There are VPN-Q add-ins such as Fred Esnouf's QSS and Winfrasoft's VPN-Q
2006 which do make it a security feature, but out of the box it ain't.
Tom
Thomas W Shinder, M.D.
Site: www.isaserver.org
Blog: http://blogs.isaserver.org/shinder/
Book: http://tinyurl.com/3xqb7
MVP -- ISA Firewalls
> -----Original Message-----
> From: isalist-bounce@xxxxxxxxxxxxx
> [mailto:isalist-bounce@xxxxxxxxxxxxx] On Behalf Of Thor
> (Hammer of God)
> Sent: Tuesday, May 23, 2006 10:50 AM
> To: isalist@xxxxxxxxxxxxx
> Subject: [isalist] FW: Circumventing quarantine control in
> Windows 2003 and ISA 2004
>
> http://www.ISAserver.org
> -------------------------------------------------------
>
>
> Fyi...
>
> ------ Forwarded Message
> From: Memet Anwar <mmta.gm@xxxxxxxxx>
> Date: Thu, 18 May 2006 16:49:59 +0700
> To: <bugtraq@xxxxxxxxxxxxxxxxx>
> Subject: Circumventing quarantine control in Windows 2003 and ISA 2004
>
> For those unfamiliar with MS quarantine control, you can read
> Jon Hassel's
> tutorial on Windows 2003 Network Access Quarantine Control (NAQC)

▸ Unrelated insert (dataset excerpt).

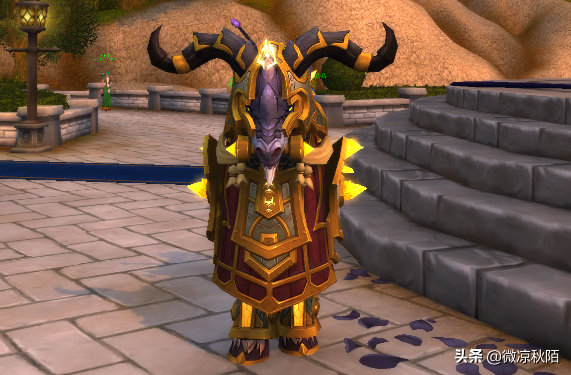 9.1.5测试服的早期数据,就出现了“光铸塔布羊”的坐骑数据,被标记为光铸德莱尼的圣骑士职业坐骑。经过PTR的更新后,这个同盟种族的职业坐骑在PTR实装,名字叫“光铸废墟奔踏者”,确实是德莱尼同盟种族的圣骑士坐骑,外观很符合光铸德莱尼的属性,一身金灿灿的装饰,还有厚重的盔甲,搭配同盟种族的传承护甲,还真的霸气十足。
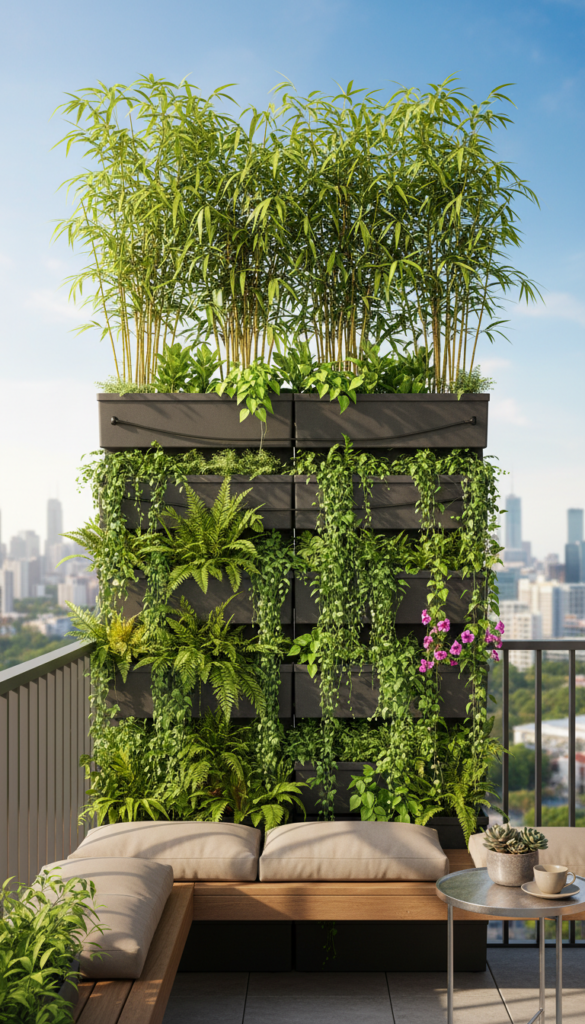 A vertical garden saves space and adds drama. Use wall planters or hanging systems with ferns, bamboo, and trailing plants. It turns your balcony into a lush green escape.

> [http://www.securityfocus.com/infocus/1794], and the ISA 2004
> VPN Quarantine
> (ISAQ) feature [http://www.securityfocus.com/infocus/1799].
>
> A simplistic mechanism used in both NAQC and ISAQ enable
> users to bypass the
> requirement set by administrators (such as XP must run SP2,
> should have
> latest virus-def, etc.). The problem is due to how the
> requirements are
> validated, it is trivial for users to trick RRAS/ISA into
> believing that the
> client's system are always aligned with the requirements,
> regardless the
> actual condition.
>
> To illustrate my point, I will use Jon's article part-1
> mentioned above,
> because it is much the same with Microsoft description on the
> subject that I
> see on MOC-2824B training material. Please refer to 'A
> Step-by-Step Overview
> of NAQC'-part of the article.
>
> There, step 1-7 will put the client connection into
> quarantine mode, which
> is fine. Step 8-9 shows that the CMAK profile will execute a
> client-side
> script to validate client's configuration based on the preconfigured
> baseline. If the client meets the requirement, the script should call
> rqc.exe with appropriate parameter. In Step 10-14, rqc.exe in
> the client
> send its result status to rqs.exe (the listener) on the
> server, along with
> its script version string. The listener then compare the
> script version
> string with its reference, before reconfiguring the session
> to a normal
> access.
>
> Now I see two weaknesses there.
>
> First, it is trivial for users to ensure that rqc.exe will
> always report
> success back to rqs.exe, regardless the actual condition of
> his/her system.
> The script (or any executables used) can be modified or
> replaced, and it
> will always work as long as the replacement knows what
> parameter must be
> obtained from CMAK, and what should be passed to rqc.exe.
>
> Second, in step 12, rqs.exe only performs string comparison
> of the script
> version to verify wether the correct script is in use by client.
>
> For example, if the admin-supplied script is a .cmd file, a
> user can replace
> the content with something like the following. Note that .vbs
> or .exe files
> can also be replaced, as long the same functionality is provided.
>
> @echo off
> @rem Use %ServiceDir% to locate rqc.exe.
> SET RQCLOC=%1\rqc.exe
> SET REMOVAL=get_this_from_the_orig_script
> %RQCLOC% %2 %3 7250 %4 %5 %REMOVAL%
>
> I've reported this issue to MSRC as a design flaw that could
> allow what they
> call 'ungranted trust' [1]. Part of their response was:
>
> ==========
> 1) Regardless of whether the Quarantine Control returns
> success or not, the
> actual "authentication and authorization" is handled
> correctly. You are
> correct, the Quarantine Control could be circumvented,
> however it is not a
> "security" feature. It is merely a tool to help
> administrators ensure the
> vast majority of their users will be held to a standard. In
> the worst case
> scenario, a user with an "infected" or "unpatched" machine
> could be allowed
> access. A malicious user would still be able to connect to
> the network with
> a "clean" machine and subsequently do something malicious.
>
> 2) <From ISA.chm::/FW_VPNSecurity.htm:>
> Security recommendations for a VPN
> * Use the ISA Server Quarantine Control feature, to provide
> phased network
> access for remote VPN clients. With Quarantine Control, clients are
> restricted to a quarantine mode before allowed access to the network.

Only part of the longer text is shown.